[ACTION ITEM] Copy everything in the data below exactly except the pictures.

[DATA SHOWN]
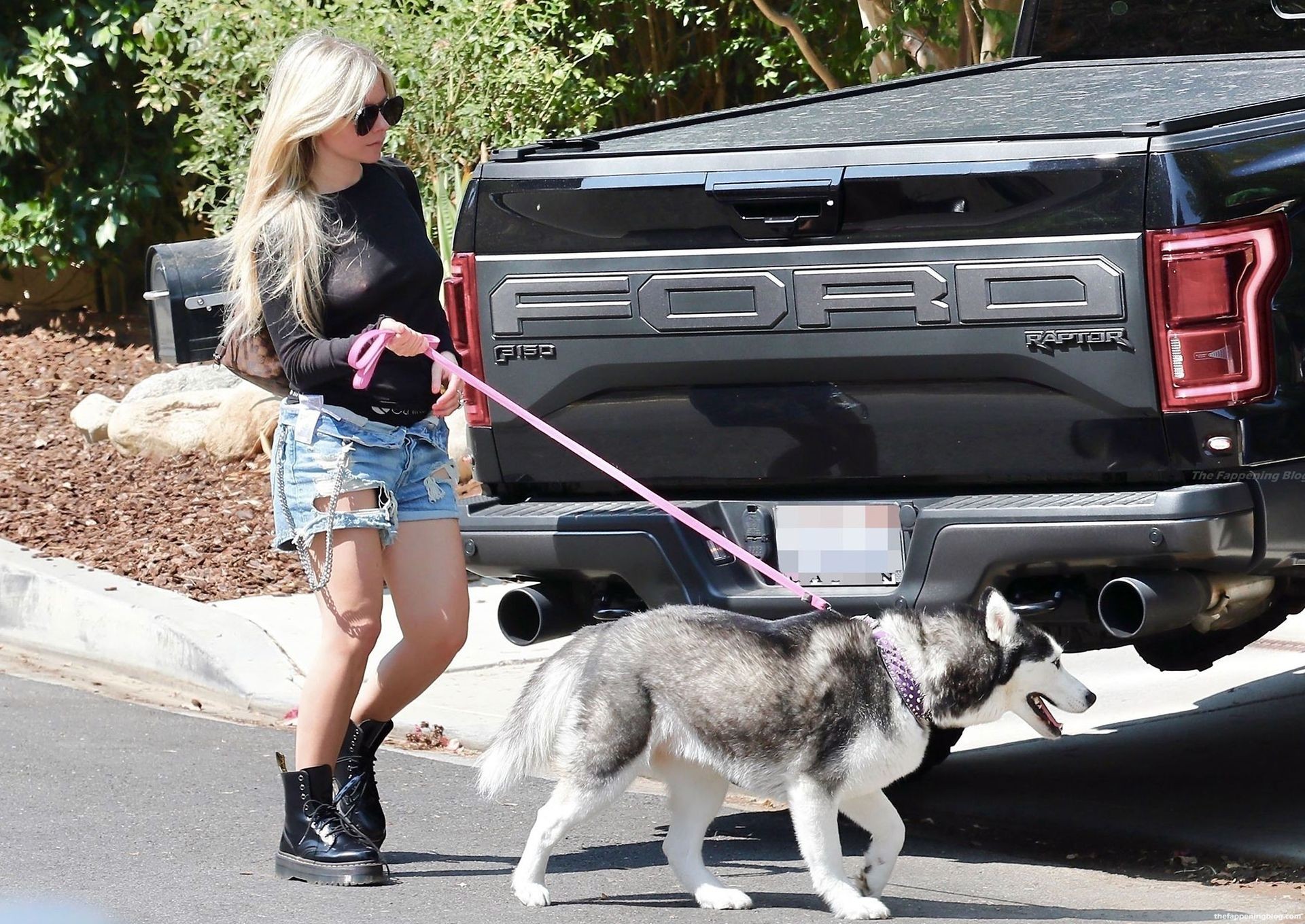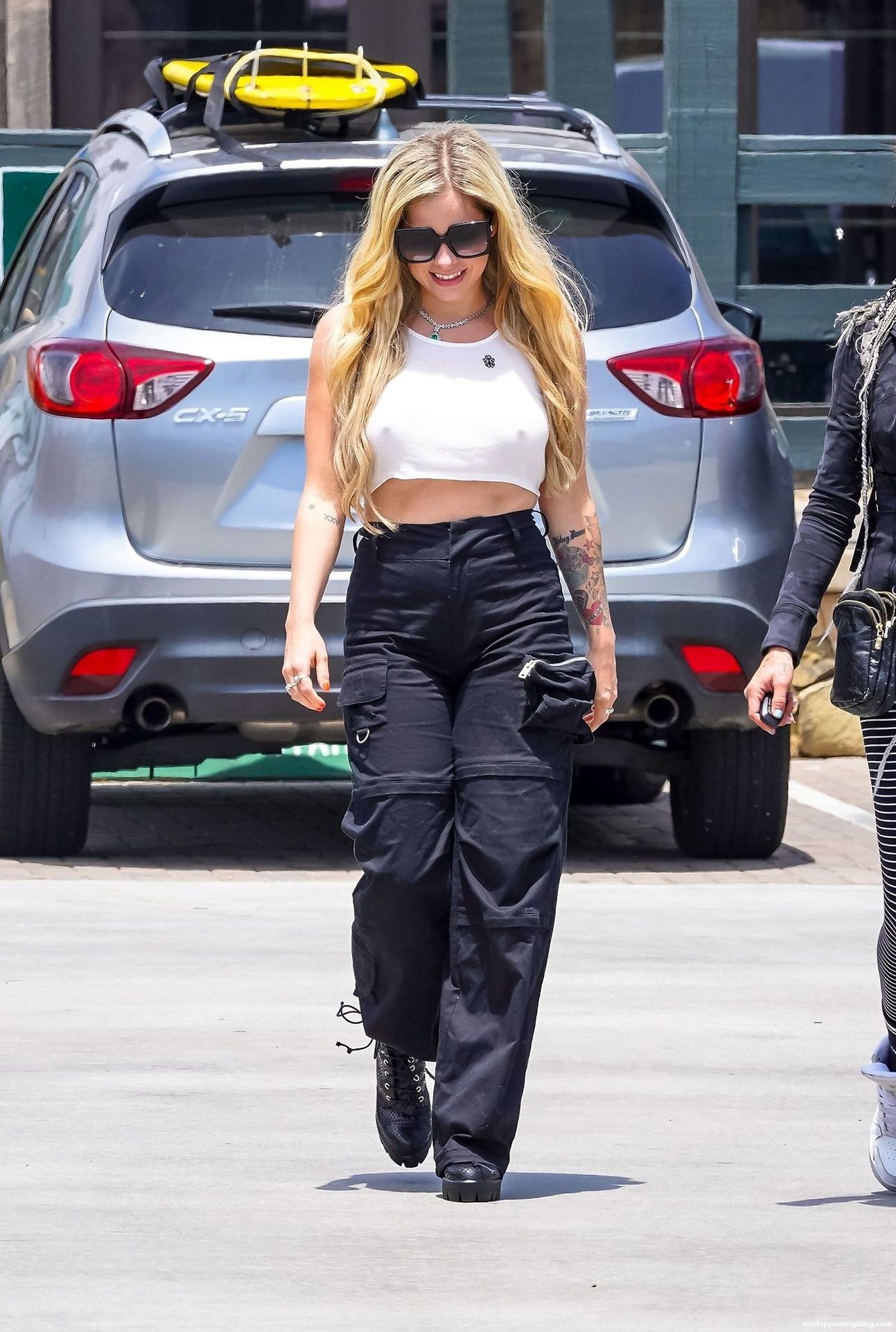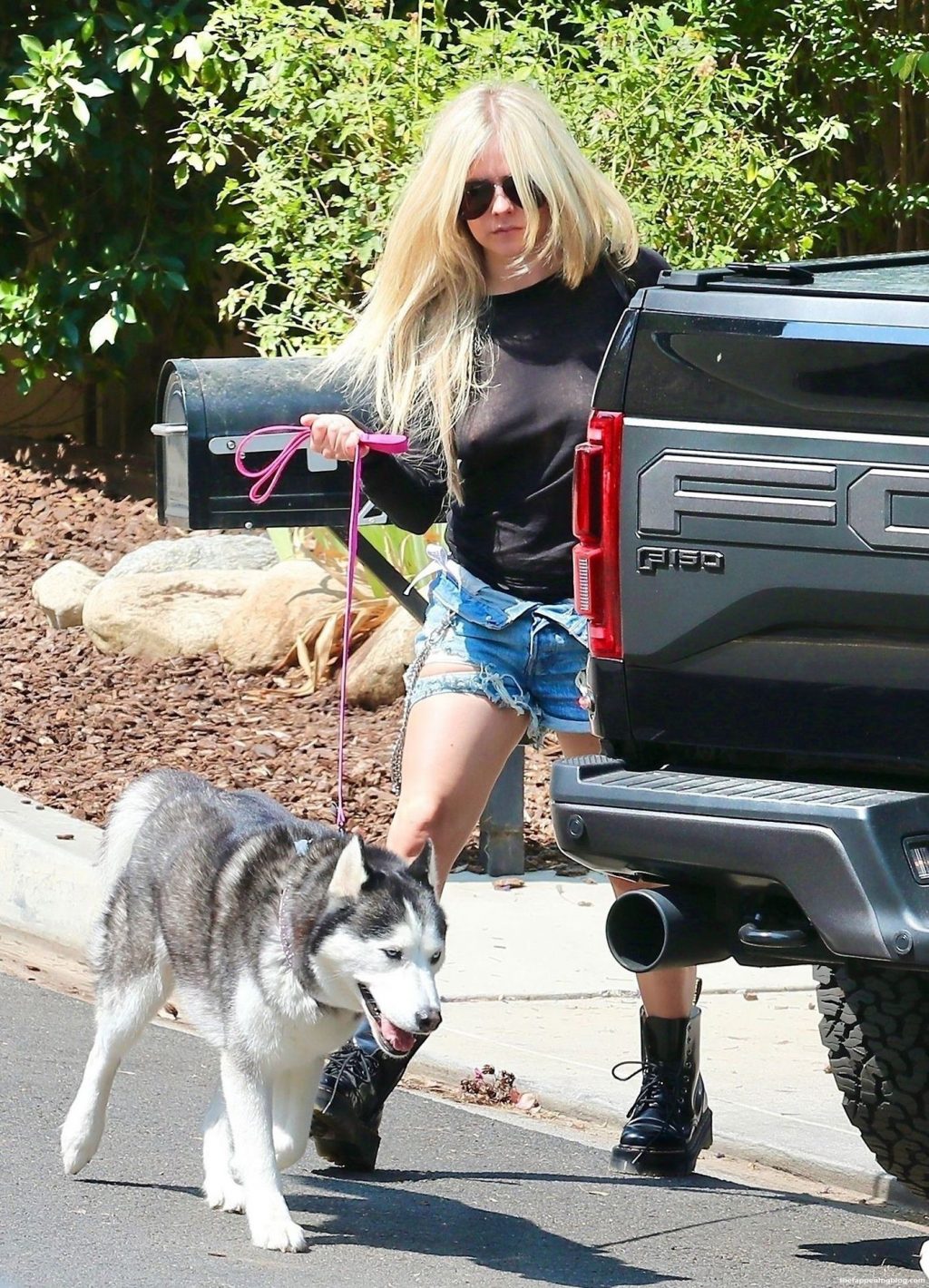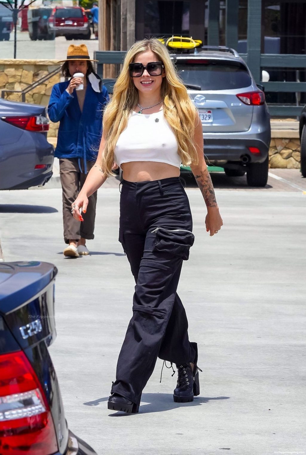 Check it out, guys! It turns out that one more Hollywood blonde hates wearing bras! And that’s precisely how we got a hold of these Avril Lavigne tits photos! Some sneaky paparazzi man was following her around when he spotted that her perky nipples are showing! But, instead of just nipple photos, he captured her whole tits because of the see-through top that she was wearing! She was pictured in front of a friend’s house in Calabasas with her dog!
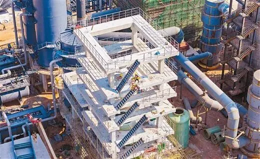 1月15日,在位于广西南宁东部新城六景片区的新材料产业园(南区)建设现场,工人们正加紧安装和调试厂房设备。目前,该园区已成功引进一批造纸化学品项目、新能源锂盐和硫酸项目等,将按计划推进园区投资建设,打造南宁绿色化工产业集聚区。
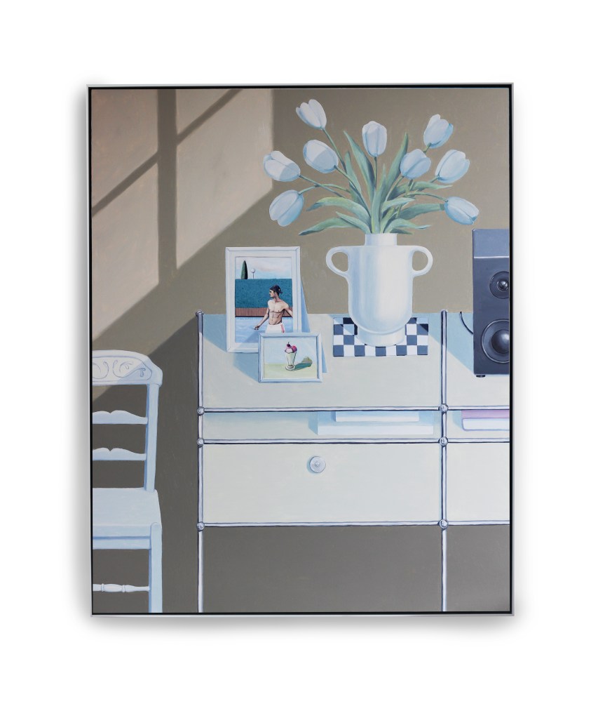 La nature morte agit comme un memento mori, un rappel de l’éphémère. Les fleurs, omniprésentes, apportent une douceur poétique tout en soulignant la fragilité et la mortalité de l’ensemble. À travers cette exploration, je montre comment notre esthétique évolue, comment l’Objet devient un marqueur de son époque, tout en évoquant que nos corps aussi subissent cette transformation.

[EXERCISE SOLUTION]
 Check it out, guys! It turns out that one more Hollywood blonde hates wearing bras! And that’s precisely how we got a hold of these Avril Lavigne tits photos! Some sneaky paparazzi man was following her around when he spotted that her perky nipples are showing! But, instead of just nipple photos, he captured her whole tits because of the see-through top that she was wearing! She was pictured in front of a friend’s house in Calabasas with her dog!
 1月15日,在位于广西南宁东部新城六景片区的新材料产业园(南区)建设现场,工人们正加紧安装和调试厂房设备。目前,该园区已成功引进一批造纸化学品项目、新能源锂盐和硫酸项目等,将按计划推进园区投资建设,打造南宁绿色化工产业集聚区。
 La nature morte agit comme un memento mori, un rappel de l’éphémère. Les fleurs, omniprésentes, apportent une douceur poétique tout en soulignant la fragilité et la mortalité de l’ensemble. À travers cette exploration, je montre comment notre esthétique évolue, comment l’Objet devient un marqueur de son époque, tout en évoquant que nos corps aussi subissent cette transformation.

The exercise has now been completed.